To do
Leaving out all pictures, give again each line exactly, from the start of the listing through the line that contains "A sophisticated abstract".
--- Data block Enclosed Below ---
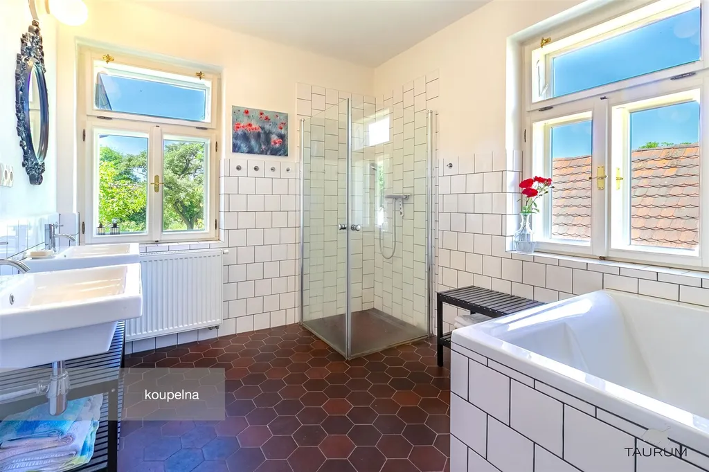 koupelna se sprchovým koutem a velkou 200l vanou (10 m2)
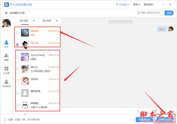 第三步:進入微信聊天記錄的恢復(fù)界面后,橙色字體是刪除的數(shù)據(jù),黑色的字體是未刪除的數(shù)據(jù)。勾選自己需要恢復(fù)的數(shù)據(jù),選擇【恢復(fù)到電腦】即將勾選的數(shù)據(jù)恢復(fù)到電腦上;選擇【恢復(fù)到設(shè)備】即將勾選的數(shù)據(jù)恢復(fù)到手機App恢復(fù)大師上(自制的恢復(fù)大師APP,非微信APP);
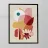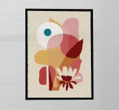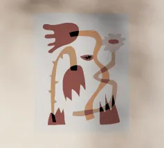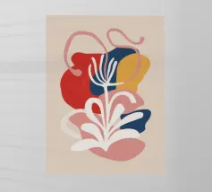 A sophisticated abstract piece with layered, semi transparent shapes in a warm palette of red, pink, and ochre, creating depth and a sense of gentle movement.
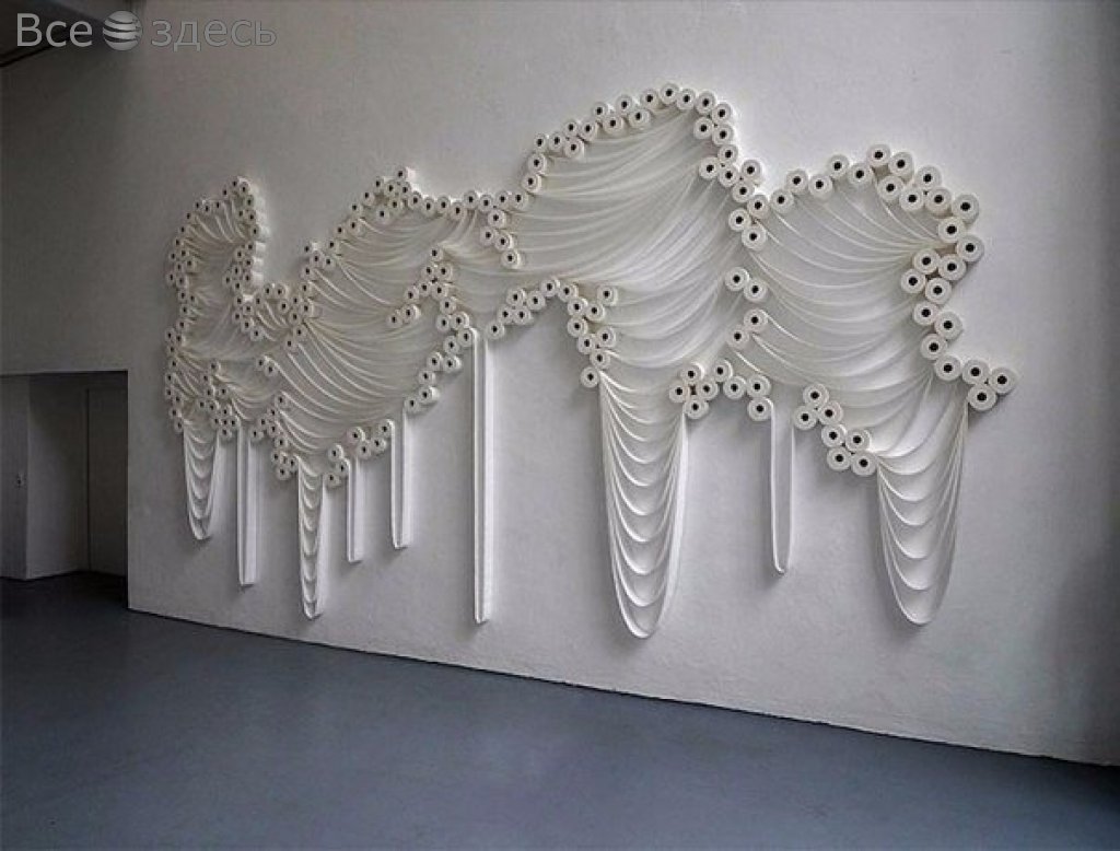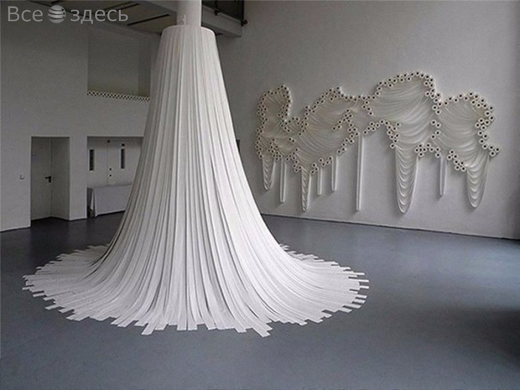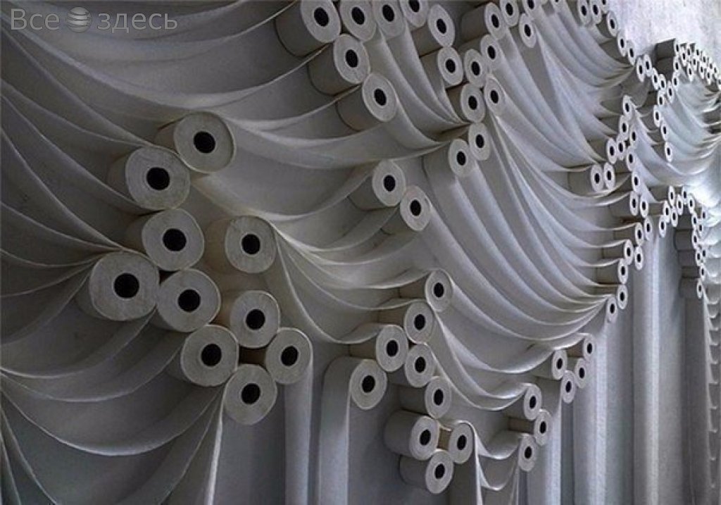 Кто-то решил, что туалетная бумага будет полезна только в месте ее непосредственного назначения? А вот нет. Используя этот бесхитростный предмет, можно творить совершенно невероятные вещи. Это не просто поделочки из картонных валиков. Это настоящие картины, инсталляции, произведения искусства. Ведь если рулоны с тонкой бумагой расположить правильным способом, а также размотать должным образом, получается что-то удивительное. Колонны, фигуры, нечто, похожее или на широкие улыбки, или на елку – и все это из белой бумаги. Новый способ творчества выбирают все больше последователей, которые выкладывают работ из бумаги в интернет. Ну а теперь представьте, какая красота получится, если использовать разноцветную?
--- End of Enclosed Data block ---
Exercise answer
 koupelna se sprchovým koutem a velkou 200l vanou (10 m2)
 第三步:進入微信聊天記錄的恢復(fù)界面后,橙色字體是刪除的數(shù)據(jù),黑色的字體是未刪除的數(shù)據(jù)。勾選自己需要恢復(fù)的數(shù)據(jù),選擇【恢復(fù)到電腦】即將勾選的數(shù)據(jù)恢復(fù)到電腦上;選擇【恢復(fù)到設(shè)備】即將勾選的數(shù)據(jù)恢復(fù)到手機App恢復(fù)大師上(自制的恢復(fù)大師APP,非微信APP);
 A sophisticated abstract piece with layered, semi transparent shapes in a warm palette of red, pink, and ochre, creating depth and a sense of gentle movement.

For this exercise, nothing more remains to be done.